The police officers who testified formed an implacable blue wall. Chief Superintendent Orr, who now held the rank of assistant chief constable, said that he recalled neither having sent Trench to interview Margaret Birrell nor having said “This is the first real clue we have got.” Inspector Pyper, now chief detective inspector, said that Lambie had never told him about A.B. on the night of the murder and had said she could not identify the intruder.
Millar also took testimony from Lambie and Birrell. Lambie, now married to a coal miner named Robert Gillon, denied having mentioned A.B.’s name. She further denied having been shown a sketch of Slater by Trench, having been questioned by Trench about A.B., and having told him, “It’s gey funny if it wasn’t him I saw.” Birrell denied that Lambie had told her about A.B. and denied having recounted as much to Trench.

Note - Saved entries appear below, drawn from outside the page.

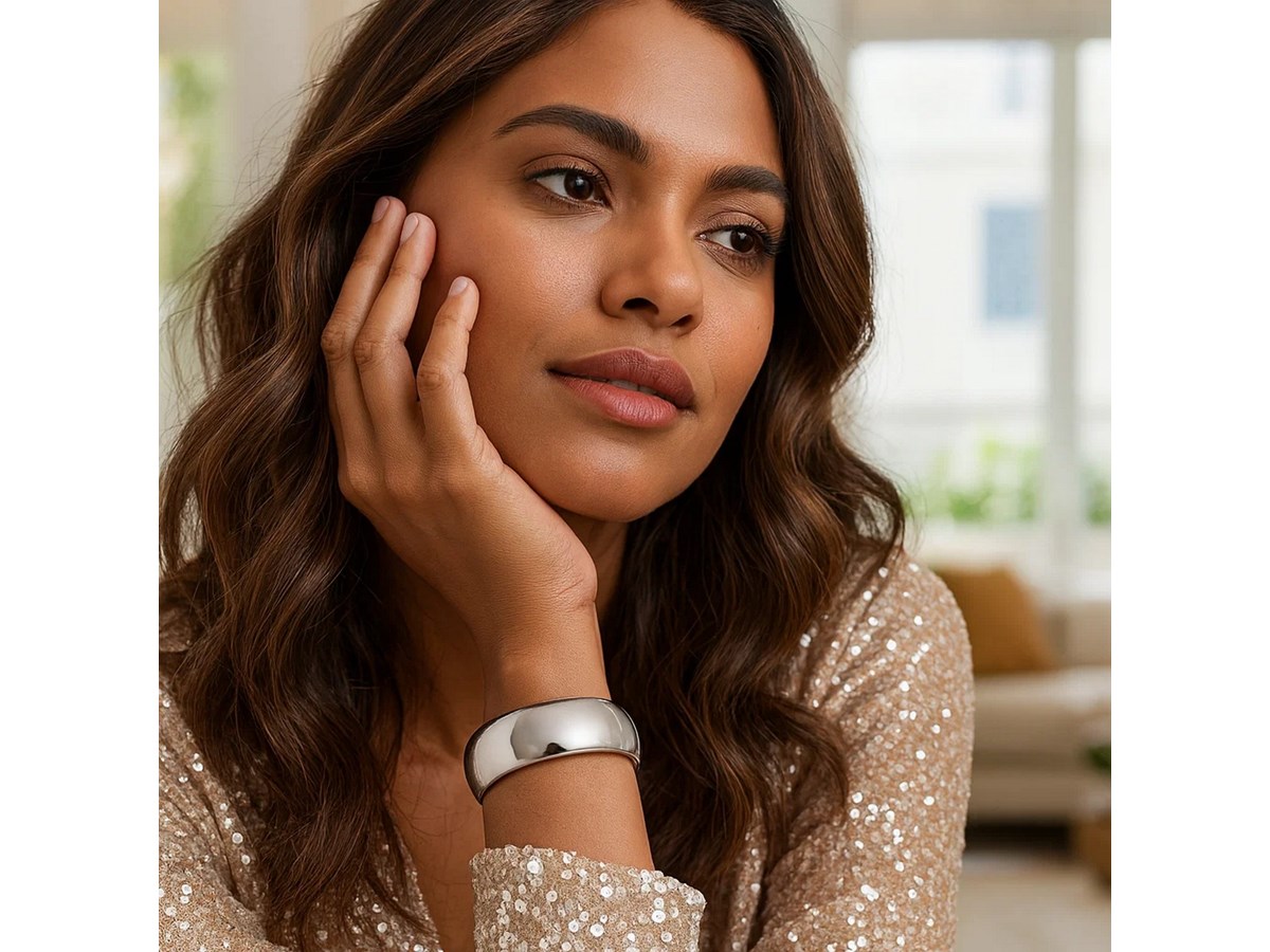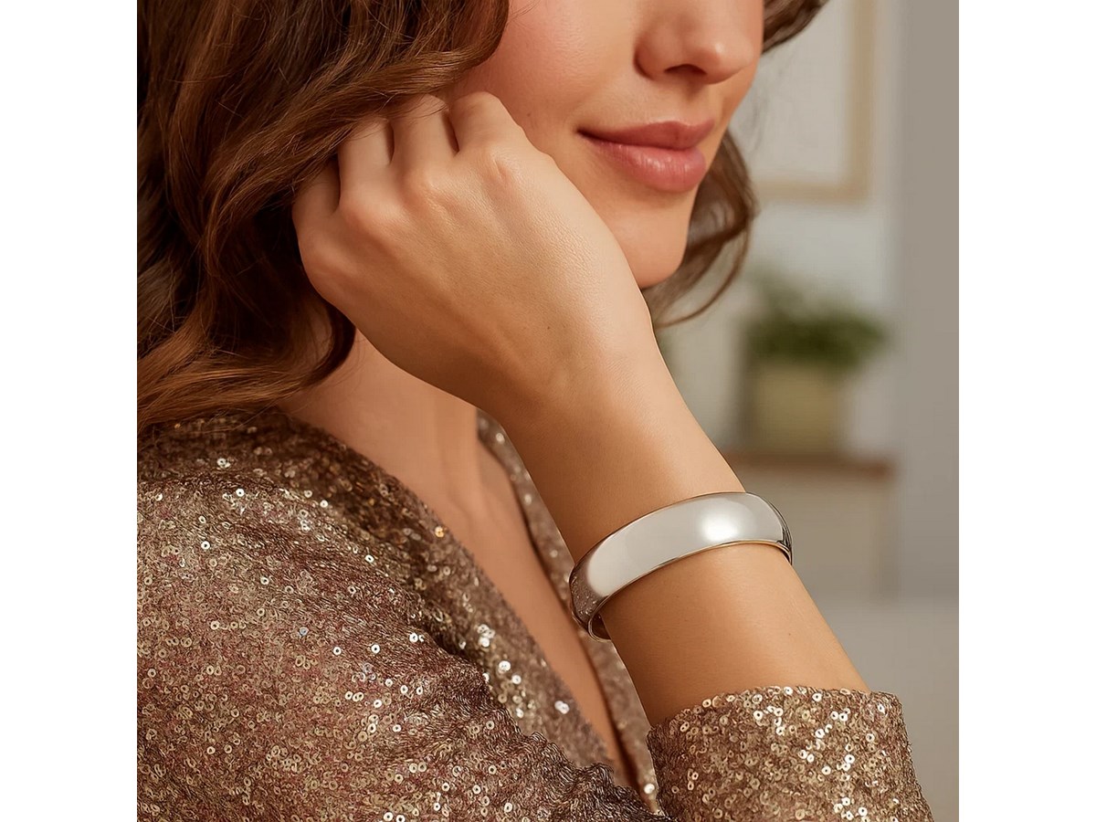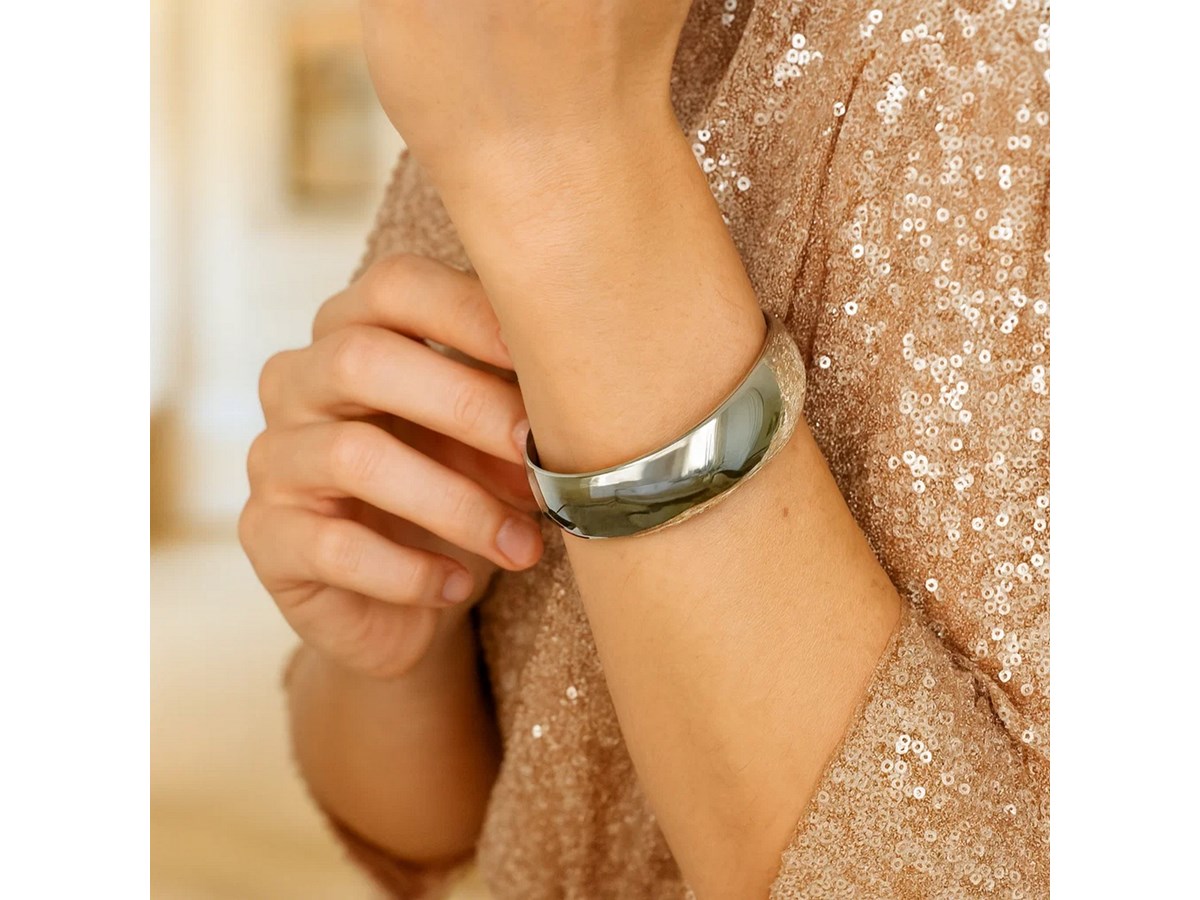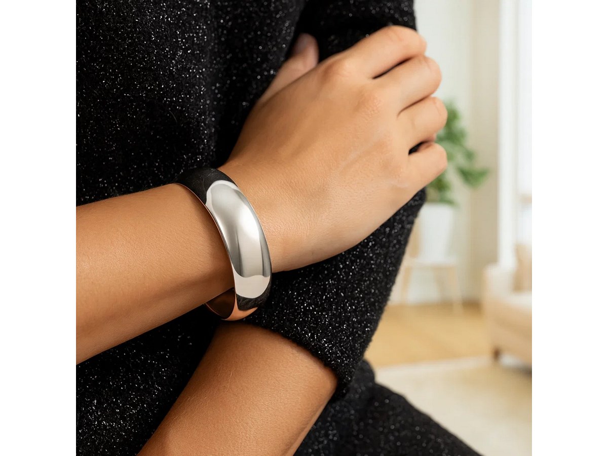 Sterling Silver Rhodium-Plated Domed Classic Bangle (18.50 mm) featuring a smooth, rounded dome profile crafted in sterling silver with a bright rhodium finish for enhanced shine and durability. The wide 18.50 mm design offers a timeless, polished look that stands out on its own or pairs beautifully with other pieces.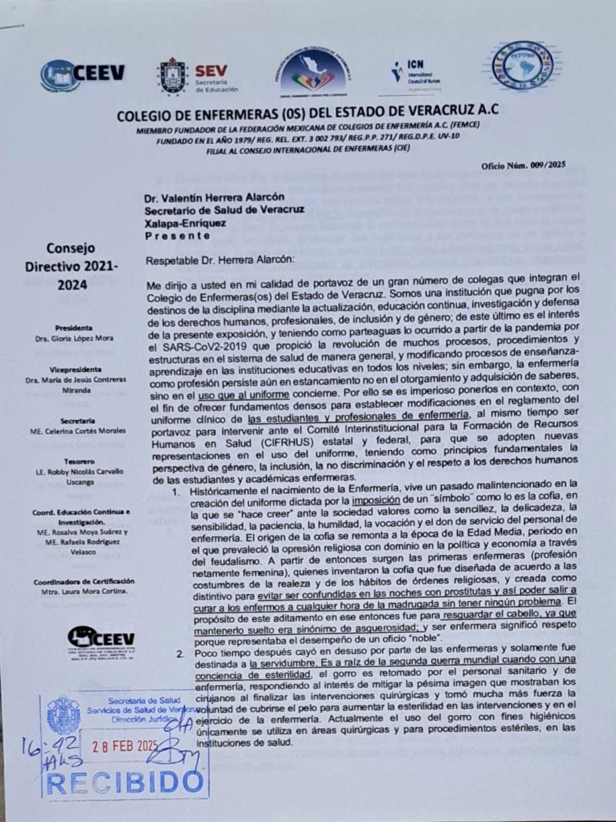 Xalapa, Ver.- El Colegio de Enfermería del Estado de Veracruz (CEEV) presentó una solicitud formal a la Secretaría de Salud estatal para eliminar la obligatoriedad del uso de la cofia en hospitales, centros de salud y escuelas. Esta petición forma parte de un esfuerzo por erradicar la sexualización de la profesión y actualizar la imagen de las enfermeras conforme a los estándares modernos de la práctica médica.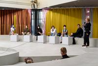 Téměř sedmihodinový diskuzní formát, který se uskutečnil ve čtvrtek 23/9/2021, byl dramaturgicky rozdělen do několika bloků tak, aby se v každém potkali zástupci a zástupkyně různorodých (nejen) ostravských scén. Hlavním motivem večera bylo totiž prolínání scén v množném čísle, jejich identifikace, vzájemné vymezení a styčné plochy. Ostravskou situaci pomohly nahlédnout osobnosti z Brna nebo Prahy.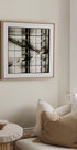 Autor: Mario Benz: Surowe, graficzne spojrzenie na dzielnicę rządową Berlina – monumentalną fasadę w ścisłej siatce okien i betonu, przeciętą ostrymi schodami przecinającymi obraz po przekątnej. Monochromatyczna paleta w odcieniach lekko sepii zapewnia spokój, a niewielka postać ludzka wyznacza skalę i sugeruje puls miasta.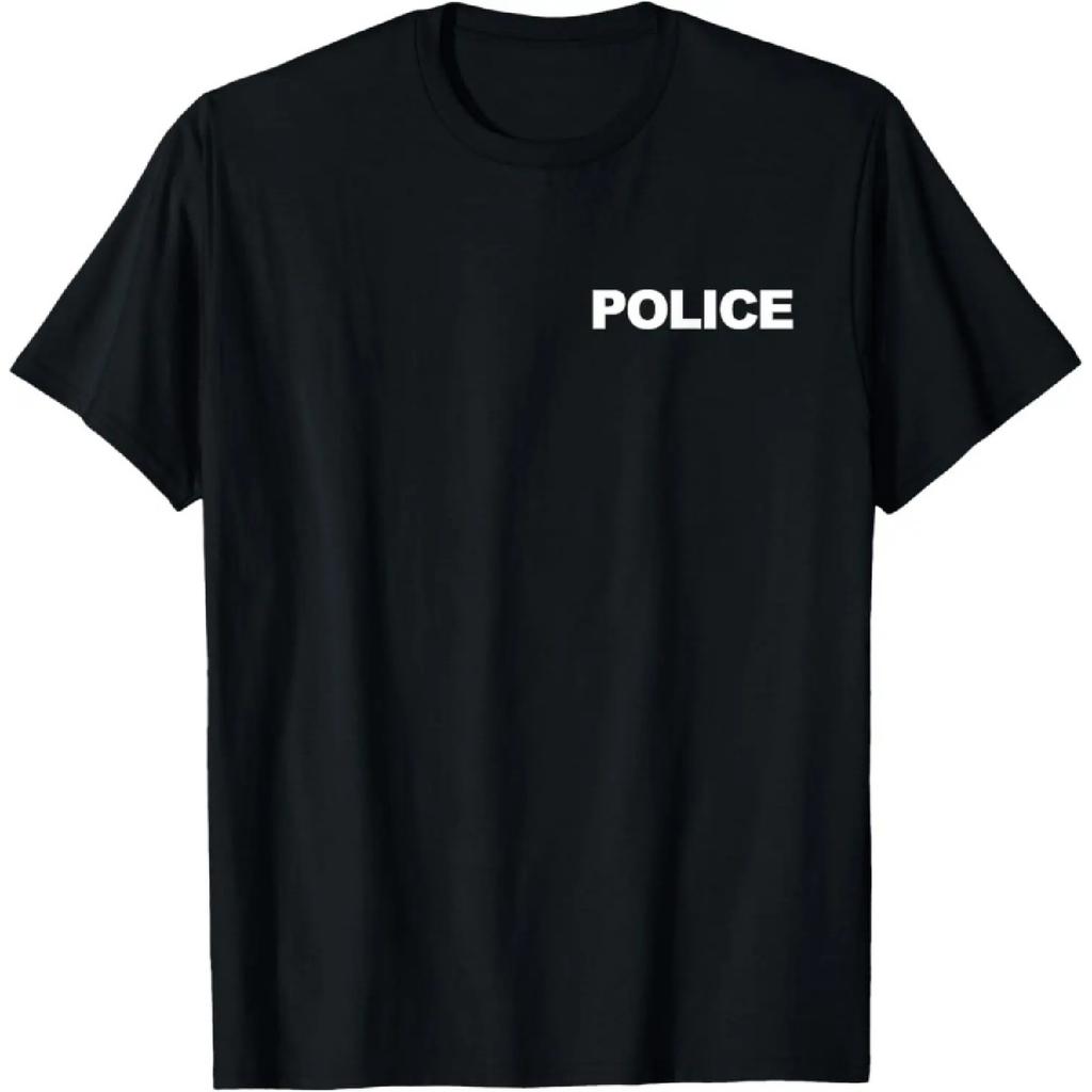 Policejní tričko s potiskem vpředu a vzadu, tričko s kulatým výstřihem

A few witnesses gave testimony that should have weighed in Slater’s favor, including two not heard at the original trial: the greengrocer Duncan MacBrayne and Colin MacCallum, the bootmaker who was Barrowman’s employer. MacBrayne testified to having seen Slater standing serenely in front of his own apartment-house door at eight-fifteen on the night of the murder—precisely the time he was alleged to have been weaving through the streets of suburban Glasgow after having killed Miss Gilchrist. MacCallum testified that Barrowman had no errand that would have taken her through West Princes Street that night.